**INSTRUCTIONS TO FOLLOW**:
Beginning with the line that contains "在词库管理中点击左上角的安装词库,选择自己需要安装上去的词典进行安装", copy each subsequent line of the data below through the last one, including both ends but not the pictures.

**SUPPLIED DATA**:

┌──

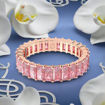 For just one small piece of jewelry, this Matrix ring packs a lot of incredible detail. The rose gold-tone plated setting is the perfect base for a circle of pink stones in a beautiful baguette princess cut. Each of the crystals is gracefully held in place with a prong setting, to deliver a gorgeous overall colorway. This elegant ring is designed for stacking your style, allowing multiple combinations for special occasions.
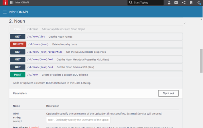 - A new API to register custom BOD metadata with Data Catalog is now available. The POST /v2/noun API takes the metadata content as part of the request body instead of using form data parameters. POST /v1/noun has been marked as deprecated.
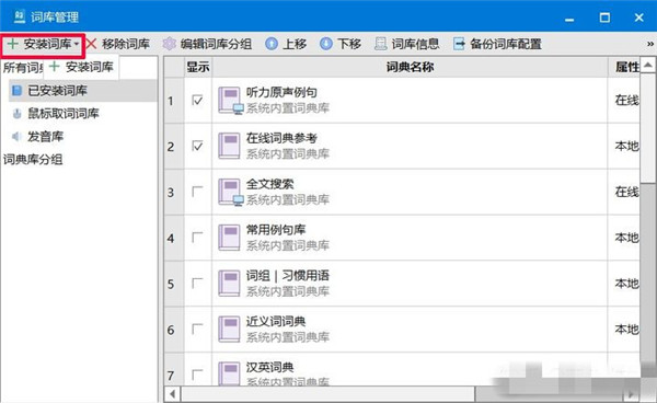 在词库管理中点击左上角的安装词库,选择自己需要安装上去的词典进行安装
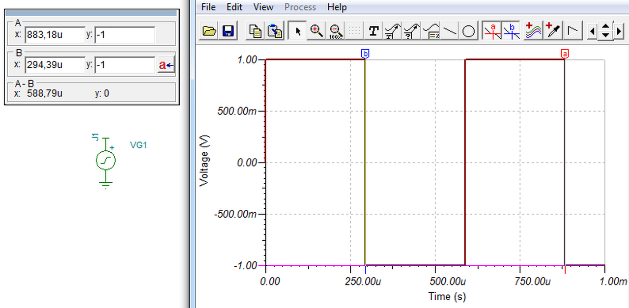 A tranziens analízis párbeszédablakában be tudod állítani az analízis hosszát. 1 millisecundummal (1m) szemlétesebb eredményt kaptál volna. A markert Gábor már említette.

└──

**YOUR SOLUTION**:
 在词库管理中点击左上角的安装词库,选择自己需要安装上去的词典进行安装
 A tranziens analízis párbeszédablakában be tudod állítani az analízis hosszát. 1 millisecundummal (1m) szemlétesebb eredményt kaptál volna. A markert Gábor már említette.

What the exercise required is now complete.